Mailman 3 Graphs in numarray? - NumPy-Discussion

Graphs in numarray?

Magnus Lie Hetland

April 17, 2002

7:32 a.m.

I'm looking at various ways of implementing graphs in Python (beyond simple dict-based stuff -- more performance is needed). kjbuckets looks like a nice alternative, as does the Boost Graph Library (not sure how easy it is to use with Boost.Python) but if numarray is to become a part of the standard library, it could be beneficial to use that... For dense graphs, it makes sense to use an adjacency matrix directly in numarray, I should think. (I haven't implemented many graph algorithms with ufuncs yet, but it seems doable...) For sparse graphs I guess some sort of sparse array implementation would be useful, although the archives indicate that creating such a thing isn't a core part of the numarray project. What do you think -- is it reasonable to use numarray for graph algorithms? Perhaps an additional module with standard graph algorithms would be interesting? (I'm sure I could contribute some if there is any interest...) And -- is there any chance of getting sparse matrices in numarray? -- Magnus Lie Hetland The Anygui Project http://hetland.org http://anygui.org

Show replies by date

Perry Greenfield

April 2002

12:10 p.m.

Hi Magnus, On Behalf Of Magnus Lie Hetland

...

I'm looking at various ways of implementing graphs in Python (beyond simple dict-based stuff -- more performance is needed). kjbuckets looks like a nice alternative, as does the Boost Graph Library (not sure how easy it is to use with Boost.Python) but if numarray is to become a part of the standard library, it could be beneficial to use that...

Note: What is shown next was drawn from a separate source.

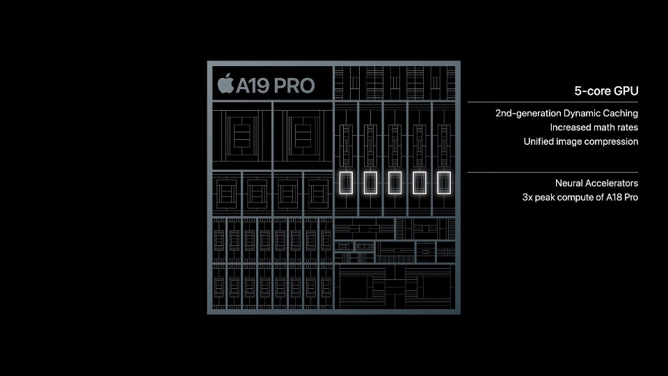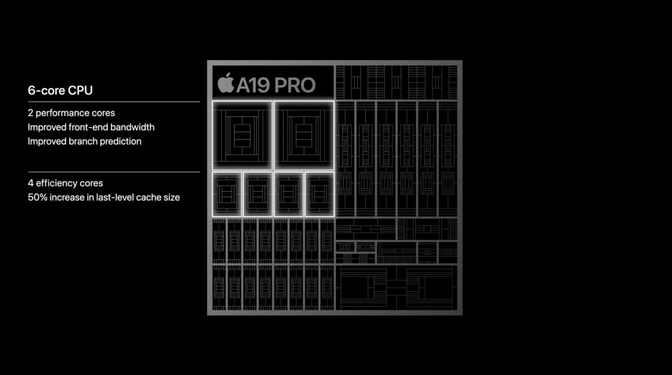 同じくA19 Proチップを搭載するiPhone 17 Pro、iPhone 17 Pro Maxだが、こちらは6コアCPUと6コアGPUを備える。各GPUコアにニューラルアクセラレータが組み込まれており、A18 Proより大きなキャッシュ、多くのメモリが含まれている。

For dense graphs, it makes sense to use an adjacency matrix directly in numarray, I should think. (I haven't implemented many graph algorithms with ufuncs yet, but it seems doable...) For sparse graphs I guess some sort of sparse array implementation would be useful, although the archives indicate that creating such a thing isn't a core part of the numarray project.

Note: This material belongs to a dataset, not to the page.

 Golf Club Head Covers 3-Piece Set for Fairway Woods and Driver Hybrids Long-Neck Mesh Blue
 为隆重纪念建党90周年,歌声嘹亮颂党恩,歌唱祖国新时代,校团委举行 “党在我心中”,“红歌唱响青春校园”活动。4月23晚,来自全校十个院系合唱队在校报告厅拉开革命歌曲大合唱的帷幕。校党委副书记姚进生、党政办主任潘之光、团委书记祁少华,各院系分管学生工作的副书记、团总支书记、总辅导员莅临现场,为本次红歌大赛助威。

First of all, it may make sense, but I should say a few words about what scale sizes make sense. Currently numarray is implemented mostly in Python (excepting the very low level, very simple C functions that do the computational and indexing loops. This means it currently has a pretty sizable overhead to set up an array operation (I'm guessing an order of magnitude slower than Numeric). Once set up, it generally is pretty fast. So it is pretty good for very large data sets. Very lousy for very small ones. We haven't measured efficiency lately (we are deferring optimization until we have all the major functionality present first), but I wouldn't be at all surprised to find that the set up time can be equal to the time to actually process ~10,000-20,000 elements (i.e., the time spent per element for a 10K array is roughly half that for much larger arrays. So if you are working with much smaller arrays than 10K, you won't see total execution time decrease much (it was already spending half its time in setup, which doesn't change). We would like to reduce this size threshhold in the future, either by optimizing the Python code, or moving some of it into C. This optimization wouldn't be for at least a couple more months; we have more urgent features to deal with. I doubt that we will ever surpass the current Numeric in its performance on small arrays (though who knows, perhaps we can come close).

...

What do you think -- is it reasonable to use numarray for graph algorithms? Perhaps an additional module with standard graph algorithms would be interesting? (I'm sure I could contribute some if there is any interest...)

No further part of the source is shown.